◆ Work request: Below are entries with pictures in them. Output exactly the lines starting at the line with "Handcrafted of 18k" and ending at the line with "2024年11月29日下午,陕西省科技厅", both included, but not the pictures.

◆ Exercise data:
= Beginning of Section =

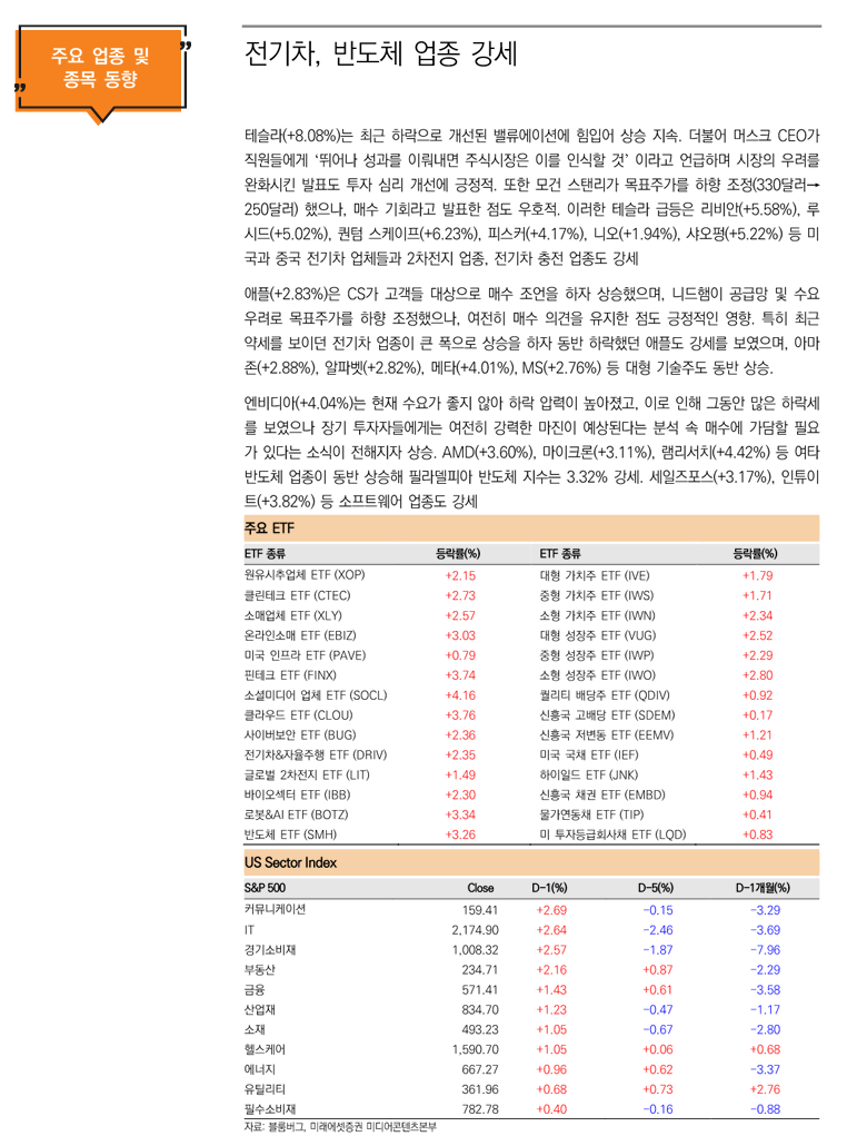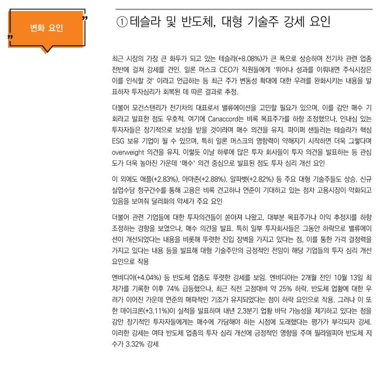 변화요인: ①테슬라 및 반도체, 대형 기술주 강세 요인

= End of Section =
= Beginning of Section =

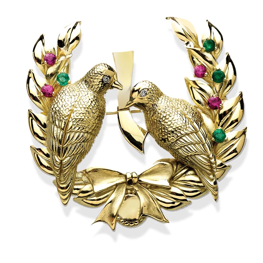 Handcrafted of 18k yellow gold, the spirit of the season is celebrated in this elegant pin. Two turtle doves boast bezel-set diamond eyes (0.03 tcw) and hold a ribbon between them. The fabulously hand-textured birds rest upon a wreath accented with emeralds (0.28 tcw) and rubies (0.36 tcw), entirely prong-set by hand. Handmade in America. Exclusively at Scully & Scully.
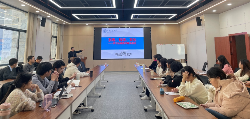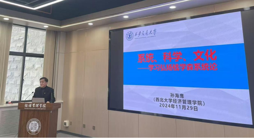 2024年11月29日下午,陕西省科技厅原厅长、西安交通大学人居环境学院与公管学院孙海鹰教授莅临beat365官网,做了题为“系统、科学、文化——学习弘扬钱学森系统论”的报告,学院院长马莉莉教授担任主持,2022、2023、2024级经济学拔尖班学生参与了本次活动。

= End of Section =

◆ Result for this exercise:
 Handcrafted of 18k yellow gold, the spirit of the season is celebrated in this elegant pin. Two turtle doves boast bezel-set diamond eyes (0.03 tcw) and hold a ribbon between them. The fabulously hand-textured birds rest upon a wreath accented with emeralds (0.28 tcw) and rubies (0.36 tcw), entirely prong-set by hand. Handmade in America. Exclusively at Scully & Scully.
 2024年11月29日下午,陕西省科技厅原厅长、西安交通大学人居环境学院与公管学院孙海鹰教授莅临beat365官网,做了题为“系统、科学、文化——学习弘扬钱学森系统论”的报告,学院院长马莉莉教授担任主持,2022、2023、2024级经济学拔尖班学生参与了本次活动。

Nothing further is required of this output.